Today's passage is Ezra 10:18-44, which is mostly a list of those who had intermarried with pagans.
In yesterday's passage Ezra confessed, wept, prayed and threw himself on the ground in front of the Temple, gathering a crowd of men, women and children who wept bitterly with him.
Shecaniah said they would make a covenant with the Lord to divorce their pagan wives and send away their children.
Ezra went inside but continued his fast. All of the exiles in Jerusalem and Judah gathered to hear Ezra tell them they had sinned and to separate themselves from the people of the land and the pagan women.
Most agreed but a few didn't. It took three months to get it all done. The Book of Ezra ends with the list of those had intermarried, 111.
This is one of the very few lists of sinners in the Bible.
It balances the longer list of exiles returning from Babylon in Ezra 2 and Ezra 8.
But it's the list of sinners that ends Ezra, not the building of the temple which takes up most of the book. In order to finish my temple, I have to separate myself from my sins.
How am I doing in that regard? Not nearly as well as I wish.
When I first read Chapter 10, I felt sorry for the pagan wives and children.
"That's not fair!" I said to myself.
My reaction showed me just how steeped I am in humanist, worldly attitudes.
I wanted a compromise for them.
I was just like Jonathan, Jahzeiah, Meshullam and Shabbethai in verse 15, who opposed the divorce and separation.
I had to chastize myself and remind myself to read the passage according to redemption history and interpet myself in ligh to it.
It was a moment of shock for me to realize I had sinned in the way I read the Bible!
I was appalled at myself, at how small the progress was in building my temple.
I couldn't even separate myself from a humanist point of view!
How was I ever going to build my temple if I was constantly compromising God's redemptive word for me?

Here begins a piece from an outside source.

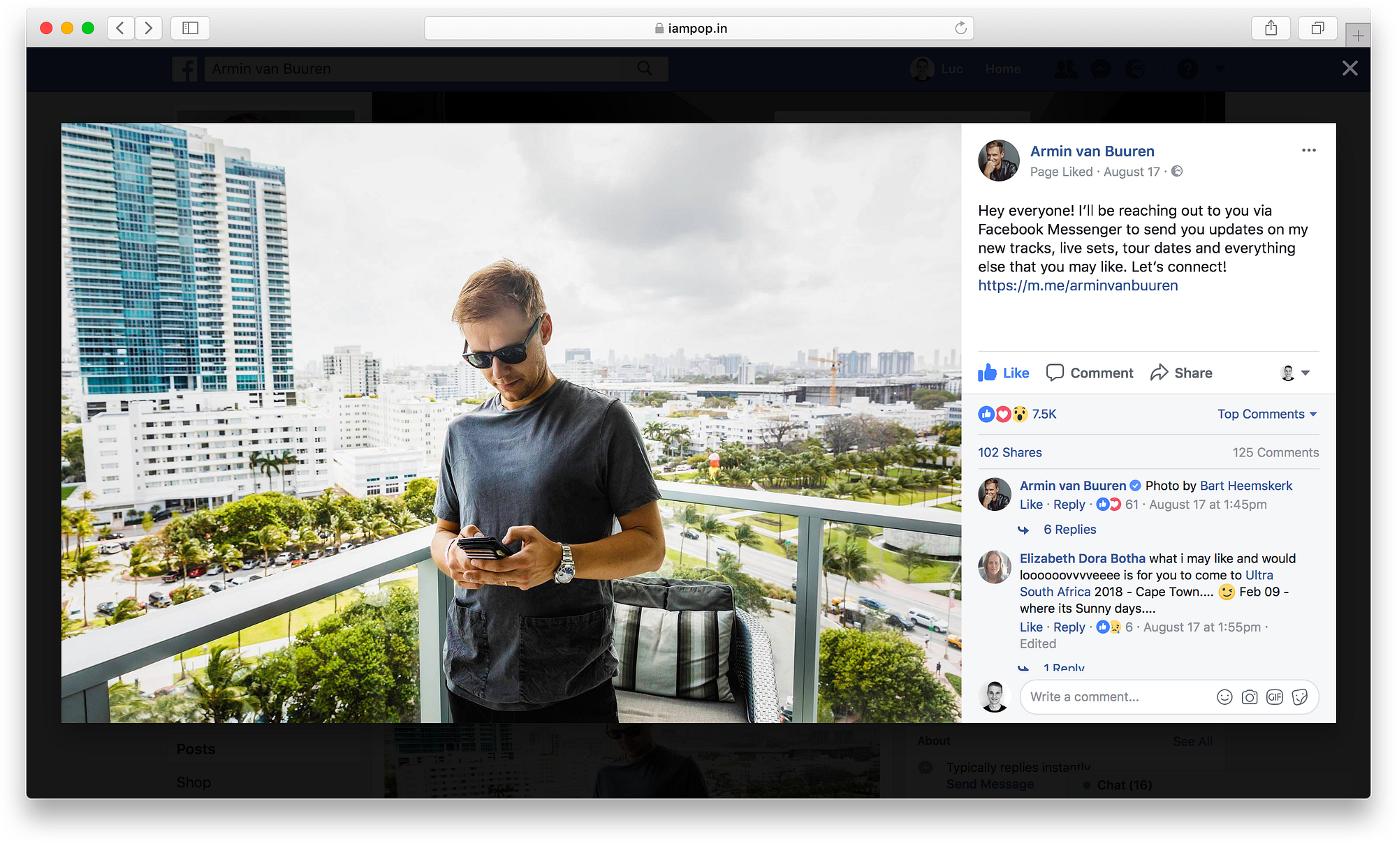 If you want to take it to the next level and really get fans to notice you, you can record a video of yourself announcing your Messenger bot and post it on Facebook for all your fans to see.Or you can keep it simple and just write an informative post about your Messenger bot. Or you can do both. There are some really good examples below that show how Armin van Buuren, Tash Sultana and Enter Shikaripromoted their own Messenger bots.

The shock of how I read Chapter 10 made me reflect on the 15 year denial of my first wife's alcoholism.
In the long denial, I was not separating myself from her alcoholism, her addiction to alcohol. By not separating myself from it, I became part of it.

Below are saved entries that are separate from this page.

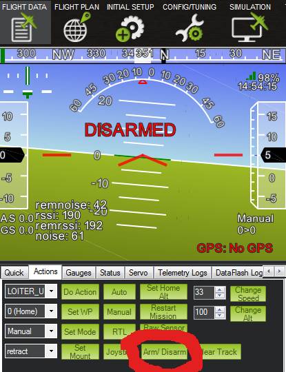 Before you can fly your plane you need to arm it. Arming the aircraft before flight has two purposes: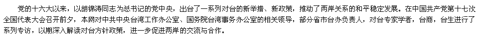 黨的十六大以來對臺工作取得新的成果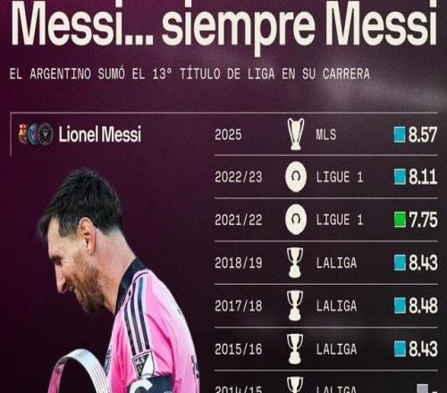 北京时间12月7日,美职联总决赛落幕,迈阿密国际3-1战胜温哥华白浪,夺得美职联总冠军。此役也为队内球星梅西带来了其职业生涯的第13座联赛冠军奖杯,其联赛夺冠纪录横跨西甲、法甲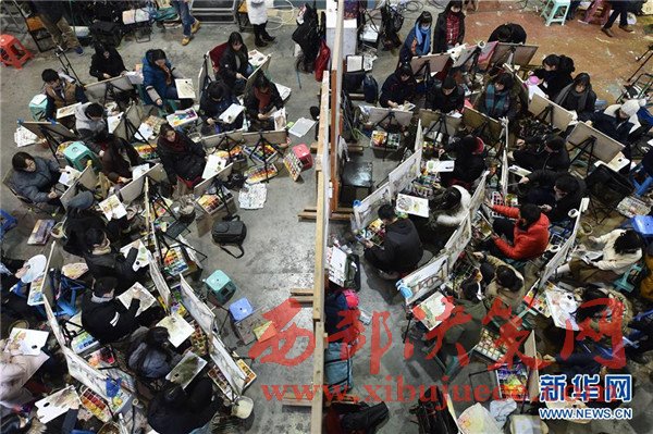 2月7日,考生在中國美術學院的杭州考點參加圖像與媒體藝術類的色彩科目考試。當日,為期4天的中國美術學院2017年本科專業(yè)招生考試在杭州、鄭州、成都、深圳、沈陽等5座城市的考點開考。據(jù)了解,今年報考中國美術學院的考生有約6.5萬人,計劃錄取本科生1588名,錄取比例超過40∶1。

I became an addict too, but my addiction was to my denial.
That's what Ezra understood.
Unless the exiles separated themselves, they would become just like those they were wedded to, slaves to sin.
And because I was included in my first wife's alcoholism, unwilling to stand apart from it, I could not help her separate herself from her addiction.
I was worse than she was.
There is no compromise with God.
Jesus tells me that over and over.
I cannot serve God and Money too.
I need to sell everything and buy the pearl of great price.
I need to forgive not once, not seven times but seven times seventy-seven times!
Love of God is not love of man. It's different.
They are at odds with each other.
Jesus tells us that we cannot love father, mother, siblings, children or spouse more than him.
In Today's passage Ezra says the same thing. Distinguish. Separate.
Lord, I pray that I can see my world with your eyes so that I will see my sins and separate myself from them.
Let me not compromise with my sins and endanger my salvation.
Forgive me the long denial of my first wife's alcoholism.
Keep me separate from the world. Make me holy, I pray, in Jesus' name.